Task statement
The output is a word-for-word repeat of the listing below, free of images.

Information provided
◆ ◆ ◆ ◆
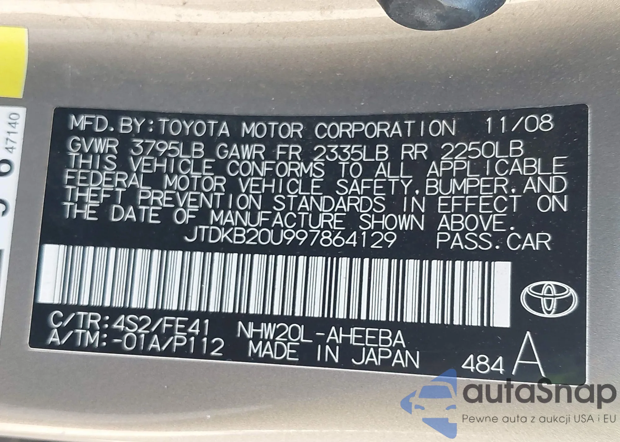 LOT: 43135280 VIN: KM8K3CA58JU066538
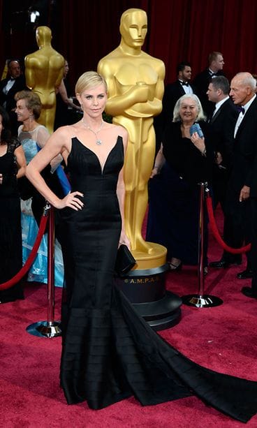 Tämä nainen rakastaa Dioria! Oscar-palkittu näyttelijä ja malli Charlize Theron, 38, verhoutui vuosi sitten viehkeään – tämän vuoden Oscar-gaalassa tähti luotti eleganttiin mustaan. Ylväästi poseeranneen Theronin yllä nähtiin toistamiseen Diorin Haute Couture -luomus, joka loi illuusion jos toisenkin – läpinäkyvät olkaimet sekä merenneitolaahus tekivät asusta kerta heitolla modernin. Kaulassa Theronilla komeili peräti 31 karaatin kaulakoru, joka on Harry Winstonin käsialaa. Charlize Theron oli jälleen yksi Oscar-gaalan upeimmista ilmestyksistä.
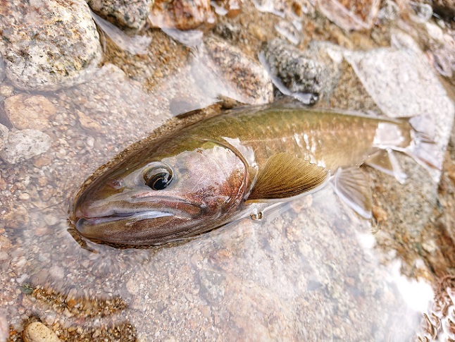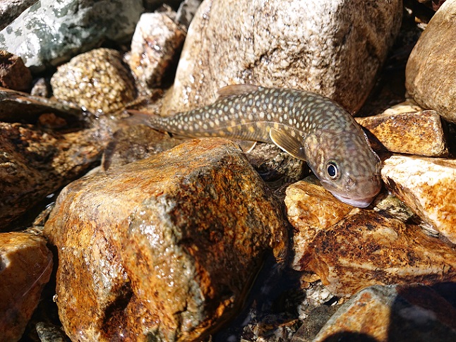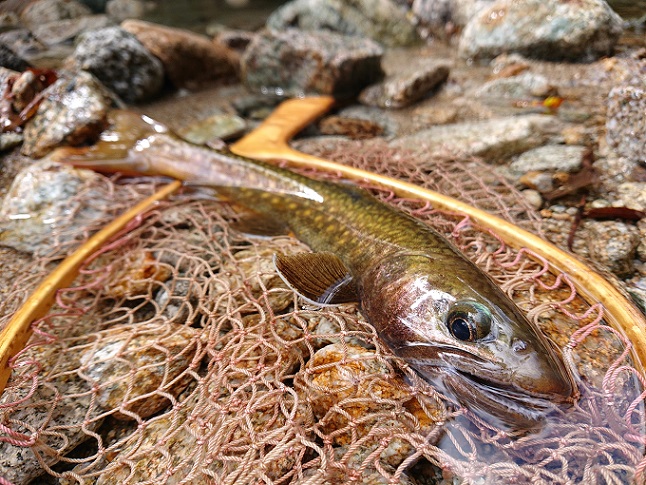 こんな偶然あるんですね?と談笑しながら登山道を歩き、お互いの健闘を祈り思い思いのポイントへ(^^) そして・・・ 釣り始めのポイントから、いきなり尺イワナ♪ |
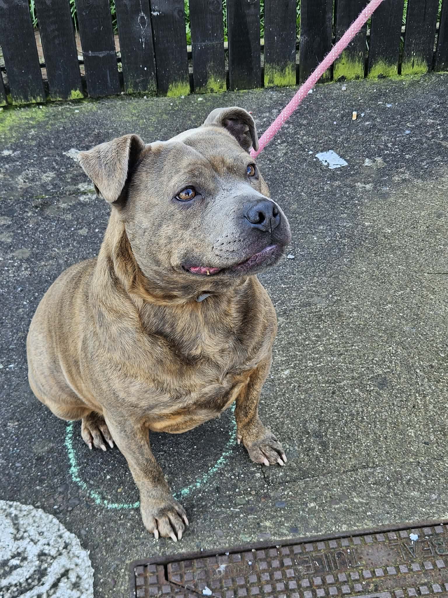 Scarlett är en glad och vänlig hund som tycker om människor och vill vara i deras sällskap. Hon är i dagsläget överviktig och behöver hjälp med sin fortsatta viktnedgång, men hon är full av liv och längtar efter en nystart.
◆ ◆ ◆ ◆
Answer for the task
 LOT: 43135280 VIN: KM8K3CA58JU066538
 Tämä nainen rakastaa Dioria! Oscar-palkittu näyttelijä ja malli Charlize Theron, 38, verhoutui vuosi sitten viehkeään – tämän vuoden Oscar-gaalassa tähti luotti eleganttiin mustaan. Ylväästi poseeranneen Theronin yllä nähtiin toistamiseen Diorin Haute Couture -luomus, joka loi illuusion jos toisenkin – läpinäkyvät olkaimet sekä merenneitolaahus tekivät asusta kerta heitolla modernin. Kaulassa Theronilla komeili peräti 31 karaatin kaulakoru, joka on Harry Winstonin käsialaa. Charlize Theron oli jälleen yksi Oscar-gaalan upeimmista ilmestyksistä.
 こんな偶然あるんですね?と談笑しながら登山道を歩き、お互いの健闘を祈り思い思いのポイントへ(^^) そして・・・ 釣り始めのポイントから、いきなり尺イワナ♪ |
 Scarlett är en glad och vänlig hund som tycker om människor och vill vara i deras sällskap. Hon är i dagsläget överviktig och behöver hjälp med sin fortsatta viktnedgång, men hon är full av liv och längtar efter en nystart.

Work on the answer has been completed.